[Saved data entries]
○ ○ ○ ○

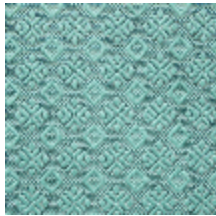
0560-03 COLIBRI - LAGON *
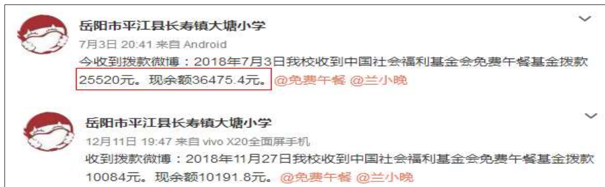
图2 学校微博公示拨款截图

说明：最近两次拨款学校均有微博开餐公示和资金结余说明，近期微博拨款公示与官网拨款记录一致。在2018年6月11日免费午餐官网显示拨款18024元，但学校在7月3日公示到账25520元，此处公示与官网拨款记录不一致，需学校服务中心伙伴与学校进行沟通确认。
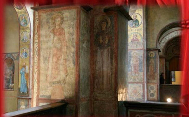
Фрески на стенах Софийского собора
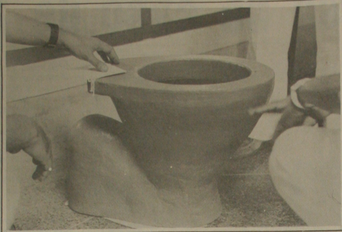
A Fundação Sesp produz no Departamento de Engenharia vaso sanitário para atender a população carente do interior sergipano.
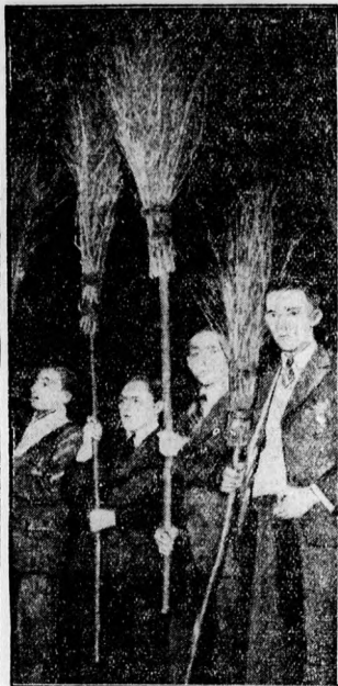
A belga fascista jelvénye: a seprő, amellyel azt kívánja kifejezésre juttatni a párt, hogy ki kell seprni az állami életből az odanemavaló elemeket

○ ○ ○ ○

▶ [What the task asks] Only the pictures are to be left out, and all of the data must otherwise be transcribed exactly.

▶ [Response to this exercise]
0560-03 COLIBRI - LAGON *
图2 学校微博公示拨款截图

说明：最近两次拨款学校均有微博开餐公示和资金结余说明，近期微博拨款公示与官网拨款记录一致。在2018年6月11日免费午餐官网显示拨款18024元，但学校在7月3日公示到账25520元，此处公示与官网拨款记录不一致，需学校服务中心伙伴与学校进行沟通确认。
Фрески на стенах Софийского собора
A Fundação Sesp produz no Departamento de Engenharia vaso sanitário para atender a população carente do interior sergipano.
A belga fascista jelvénye: a seprő, amellyel azt kívánja kifejezésre juttatni a párt, hogy ki kell seprni az állami életből az odanemavaló elemeket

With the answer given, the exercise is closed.